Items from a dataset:
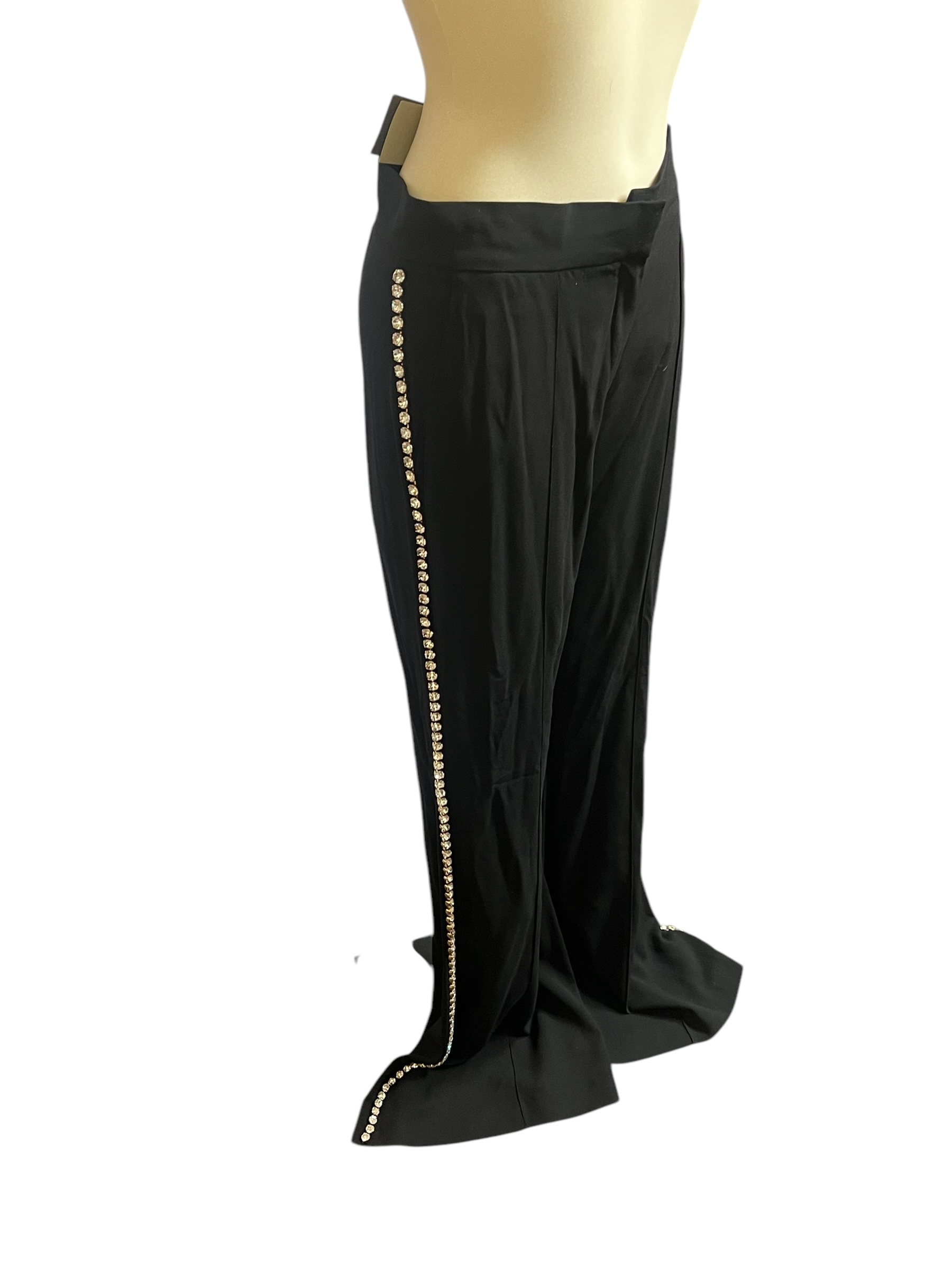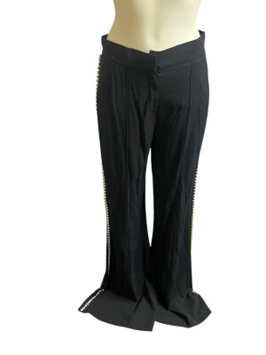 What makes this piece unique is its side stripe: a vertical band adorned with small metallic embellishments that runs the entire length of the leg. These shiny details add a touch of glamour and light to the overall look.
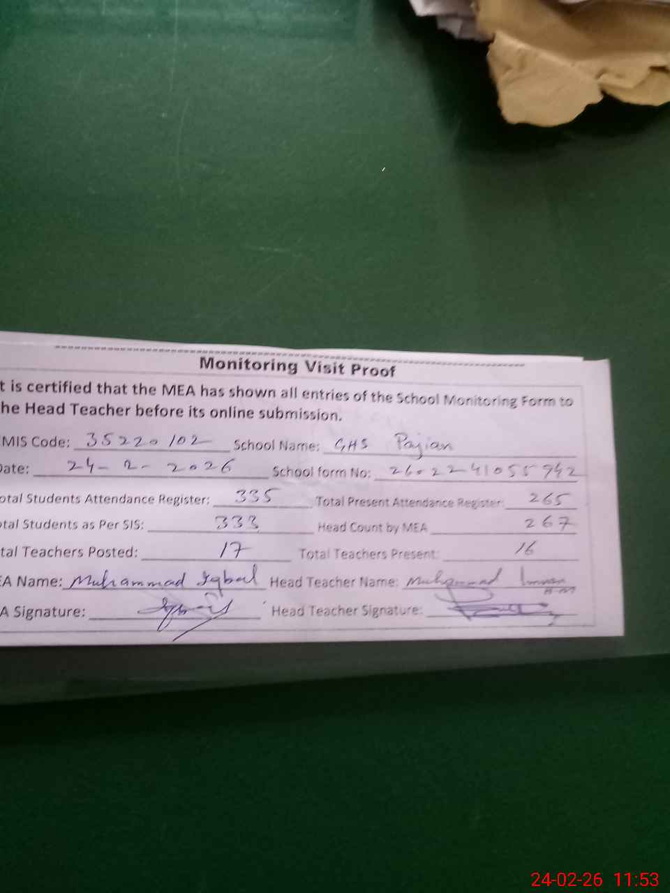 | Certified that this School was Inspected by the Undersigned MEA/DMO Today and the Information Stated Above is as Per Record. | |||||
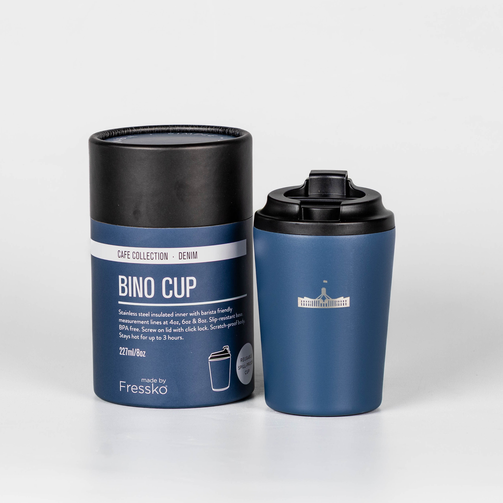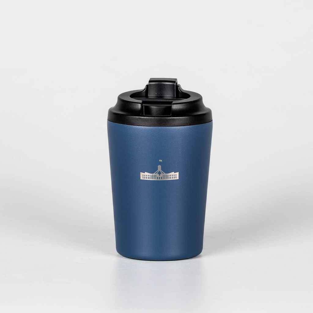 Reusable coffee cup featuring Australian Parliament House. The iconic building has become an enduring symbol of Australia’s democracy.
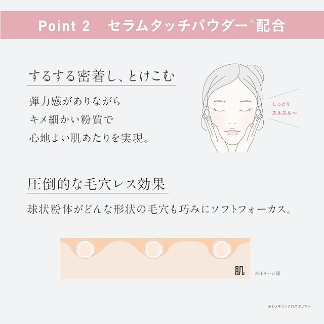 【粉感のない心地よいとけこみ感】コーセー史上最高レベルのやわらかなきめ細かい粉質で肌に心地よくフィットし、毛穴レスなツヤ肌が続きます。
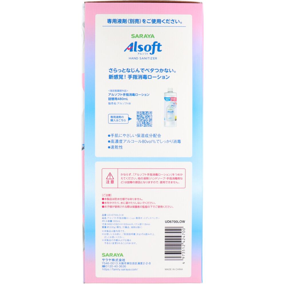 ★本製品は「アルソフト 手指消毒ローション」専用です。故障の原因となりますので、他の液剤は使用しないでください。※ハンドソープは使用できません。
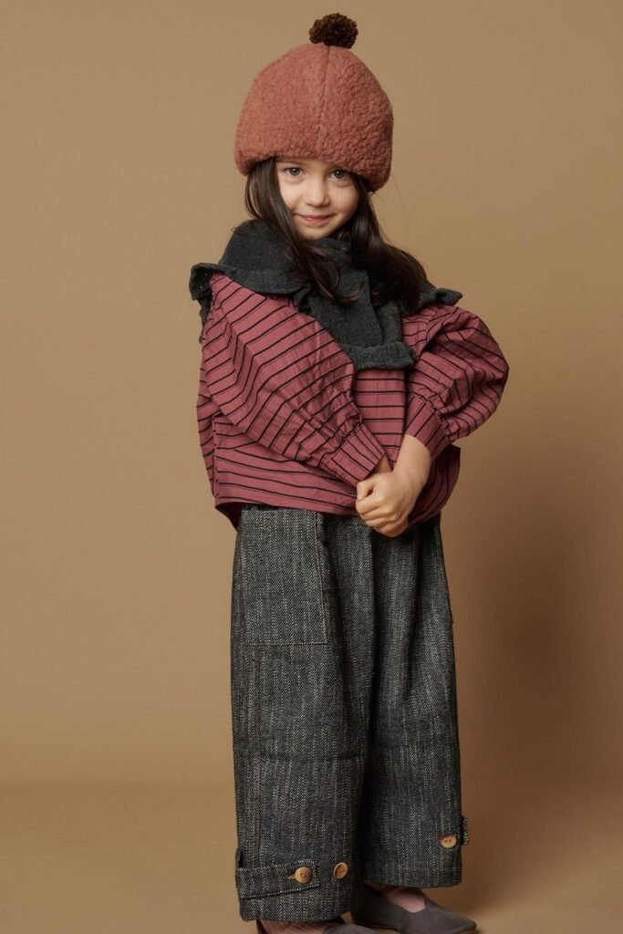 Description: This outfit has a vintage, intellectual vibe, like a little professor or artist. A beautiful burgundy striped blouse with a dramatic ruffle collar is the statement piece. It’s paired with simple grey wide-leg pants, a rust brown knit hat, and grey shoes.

*Description of the task*. Set down the entries above exactly, and keep every picture out of your copy.

*Output for this exercise*.
 What makes this piece unique is its side stripe: a vertical band adorned with small metallic embellishments that runs the entire length of the leg. These shiny details add a touch of glamour and light to the overall look.
 | Certified that this School was Inspected by the Undersigned MEA/DMO Today and the Information Stated Above is as Per Record. | |||||
 Reusable coffee cup featuring Australian Parliament House. The iconic building has become an enduring symbol of Australia’s democracy.
 【粉感のない心地よいとけこみ感】コーセー史上最高レベルのやわらかなきめ細かい粉質で肌に心地よくフィットし、毛穴レスなツヤ肌が続きます。
 ★本製品は「アルソフト 手指消毒ローション」専用です。故障の原因となりますので、他の液剤は使用しないでください。※ハンドソープは使用できません。
 Description: This outfit has a vintage, intellectual vibe, like a little professor or artist. A beautiful burgundy striped blouse with a dramatic ruffle collar is the statement piece. It’s paired with simple grey wide-leg pants, a rust brown knit hat, and grey shoes.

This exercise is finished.